Embora não seja individualmente tombada, esta edificação é parte fundamental do próprio frontispício de Salvador e compõe o Conjunto Arquitetônico, Paisagístico e Urbanístico do Centro Histórico de Salvador, tombado em nível federal em 1984 e incluído na Lista do Patrimônio Mundial da Unesco em 1985. Ademais, encontra-se na vizinhança imediata da Catedral Basílica de Salvador (antiga Igreja do Colégio de Jesus), tombada em nível federal 1938, e a menos de 200 metros de distância de edifícios coloniais igualmente tombados em nível federal, como o Palácio Arquiepiscopal e a Santa Casa de Misericórdia.
A edificação encontrava-se abandonada, após ter abrigado, por vários anos, um agrupamento da Polícia Militar. Além da edificação eclética propriamente dita, com dois pavimentos mais subsolo, constava de um acréscimo realizado posteriormente entre esta e o Plano Inclinado Gonçalves, adotando as linhas gerais da edificação principal.
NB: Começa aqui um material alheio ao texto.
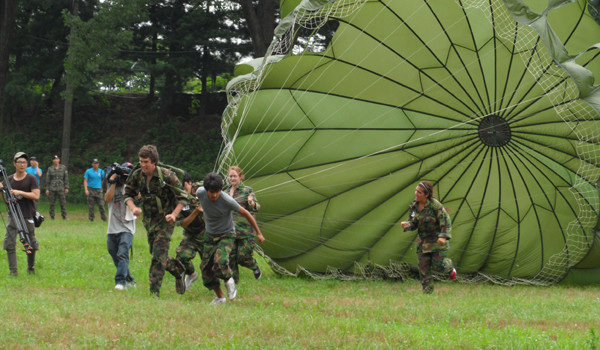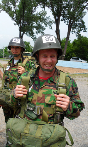 하늘에서 떨어질 때는 모르지만 낙하산은 꽤 큰 편이다. 이를 등에 지고 달리는 것은 보통 일이 아니다. 참가자의 얼굴에서는 이미 웃음기가 싹 가신 상태다.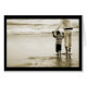 Tarjeta romántica con madre caminando su hijo en la playa.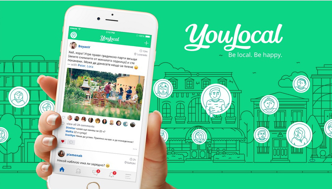 YouLocal е иновативно мобилно приложение, дело на български екип. Това е друг, революционен начин за социално общуване, който помага на хората да се върнат в реалния свят. „Светът никога не е бил толкова малък, но сме по-самотни от всякога. Ей, горе главата! Вече може да се чувстваш местен навсякъде“ – както се казва в клипа по-долу, представяш приложението. С YouLocal се откриват интересни хора и неща за правене на конкретното място, където човек се намира, в района, където живее, или където е заминал. Приложението e напълно безплатно и може да се свали от App Store и Google Play.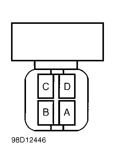 4. Turn ignition off. Connect a 3-amp fused jumper wire between right mirror connector C2 terminals "C" (Black/White wire) and "D" (Light Blue/Black wire). See Figure . Turn ignition on. Using scan tool, monitor MIRROR HORIZONTAL POSITION voltage. If horizontal position sensor voltage is less than 0.1 volt, go to next step. If horizontal position sensor voltage is greater than 0.1 volt, go to step  9 .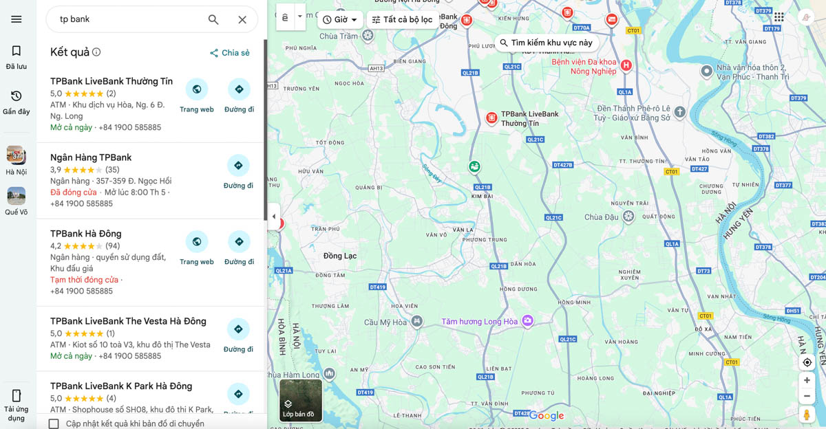 Ngoài ra, bạn cũng có thể tìm thấy các chi nhánh TPBank trên Google Maps bằng cách gõ từ khóa “TPBank” hoặc “phòng giao dịch TPBank”. Các điểm giao dịch đều nằm ở những khu vực đông dân cư, giúp bạn dễ dàng tìm kiếm. Đừng quên mang theo CCCD hoặc CMND nếu bạn đến quầy giao dịch để tra cứu nhé!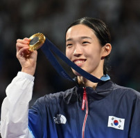 태권도 57kg급, 16년 만에 금메달 쾌거 세계랭킹 24위 김유진, 상위 랭킹 격파하며 결승 올라와금메달을 확정한 김유진이 8일(현지시각) 프랑스 파리 그랑 팔레에서 열린 2024 파리 올림픽 태권도 여자 57kg급 시상식에서 시상대에 올라 기뻐하고 있다. /파리=뉴시스[더팩트ㅣ김샛별 기자] 한국 태권도 김유진(23?울…

O projeto elaborado a partir de 2015 se baseia nas reflexões de Marco Dezzi Bardeschi, para quem o patrimônio edificado corresponde a um palimpsesto, “uma forma de escritura que não se faz sobre ou às custas do texto existente” e que deve “respeitar estratificações, complexidades, heterogeneidades do construído”. Para Dezzi, portanto, “os arquitetos têm o dever de aportar nova matéria ao contexto da edificação, sem que isso penalize a estratificação e a distinguibilidade das fases construtivas e de uso”, pois é preciso “crer na autonomia – e na possível não conflitualidade com o existente – do projeto do novo” (1).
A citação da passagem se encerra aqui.